**WORK REQUEST**
For every line in the material, output its text exactly and exclude any image it holds.

**AVAILABLE DATA**
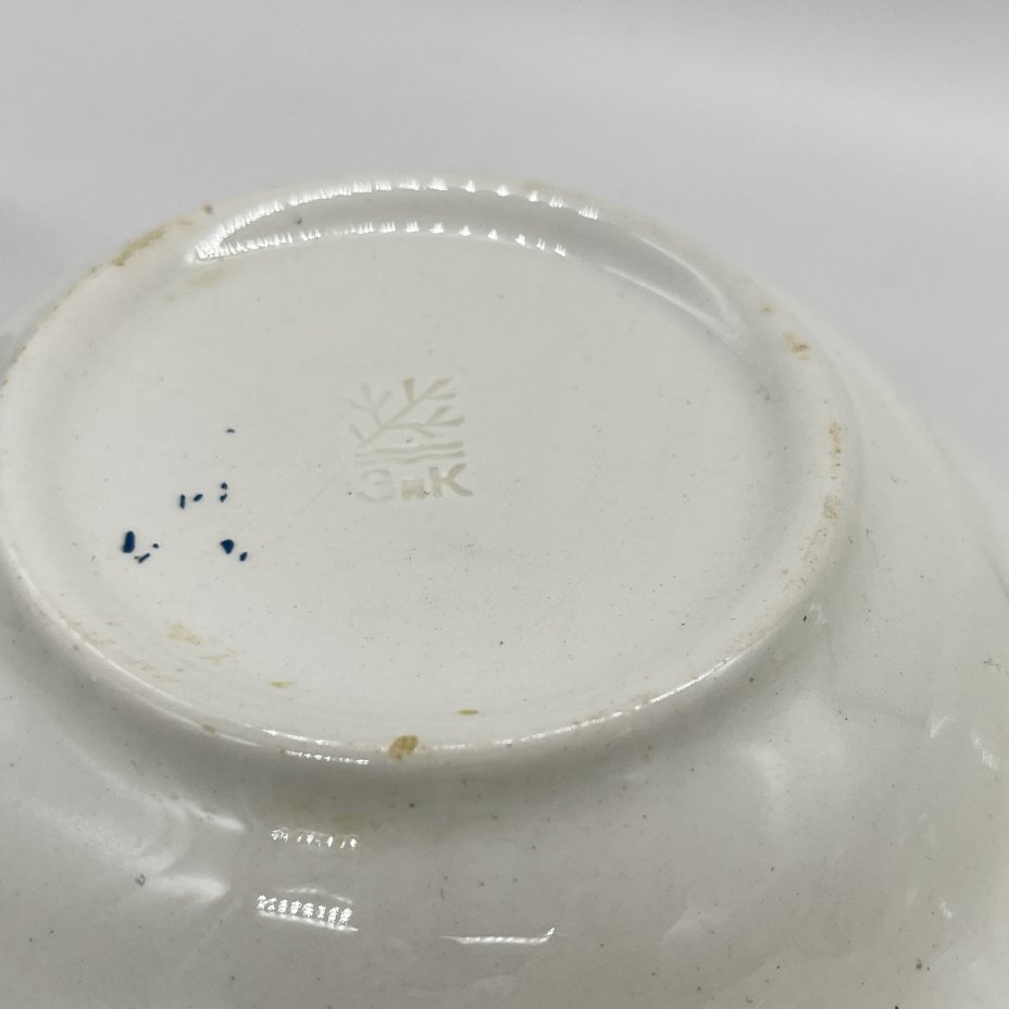 Пара блюдец с растительным декором, фаянс, деколь, Конаковский фаянсовый завод им. М.И. Калинина (ЗиК Конаково), СССР, 1974-1991 гг.
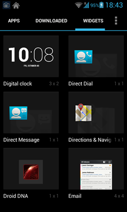- The Widgets menu will contain all the Widgets that are available for display on the homescreen of your device. It houses all of the widgets, and you can add a widget on the homescreen by long pressing on a widget and dragging and positioning it on the homescreen. The Widgets menu can be accessed by clicking the WIDGETS button, and it looks like the following screenshot.
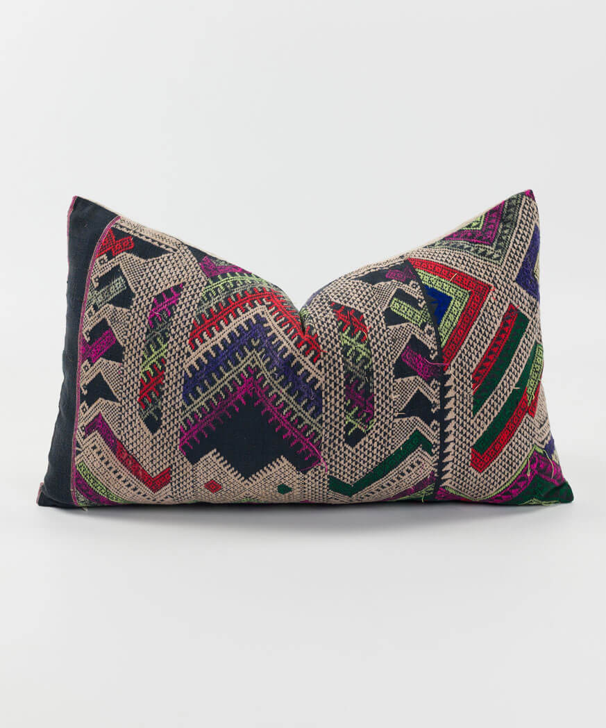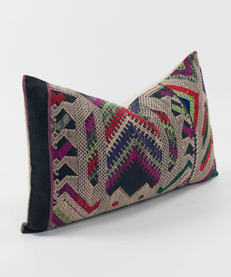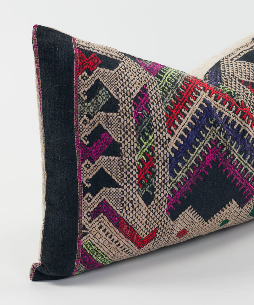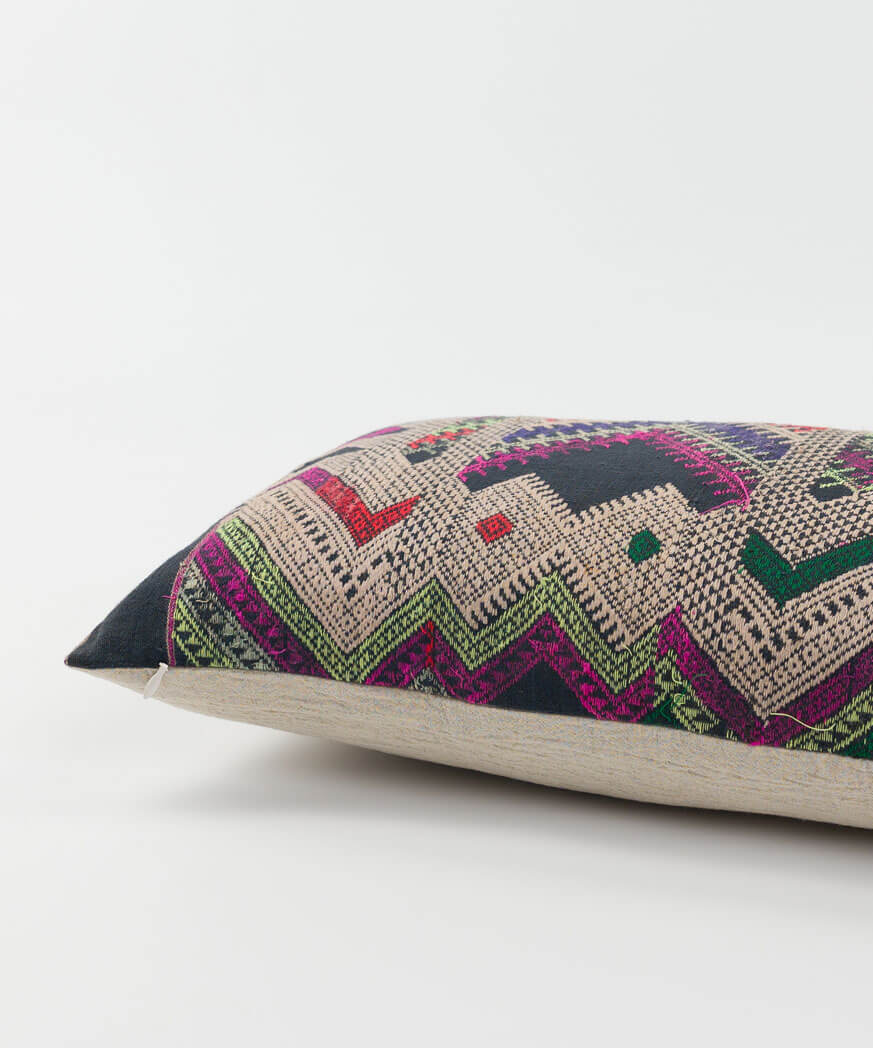 This ethnic pillow cover features a rare textile that we’ve sourced from the Tai Lue hill tribe. Its original form was that of a woven blanket, which had gained holes and wear over several decades. We cut out sections that were in relatively good condition and created the pillow cover you see before you.

**ANSWER FOR THIS EXERCISE**
 Пара блюдец с растительным декором, фаянс, деколь, Конаковский фаянсовый завод им. М.И. Калинина (ЗиК Конаково), СССР, 1974-1991 гг.
- The Widgets menu will contain all the Widgets that are available for display on the homescreen of your device. It houses all of the widgets, and you can add a widget on the homescreen by long pressing on a widget and dragging and positioning it on the homescreen. The Widgets menu can be accessed by clicking the WIDGETS button, and it looks like the following screenshot.
 This ethnic pillow cover features a rare textile that we’ve sourced from the Tai Lue hill tribe. Its original form was that of a woven blanket, which had gained holes and wear over several decades. We cut out sections that were in relatively good condition and created the pillow cover you see before you.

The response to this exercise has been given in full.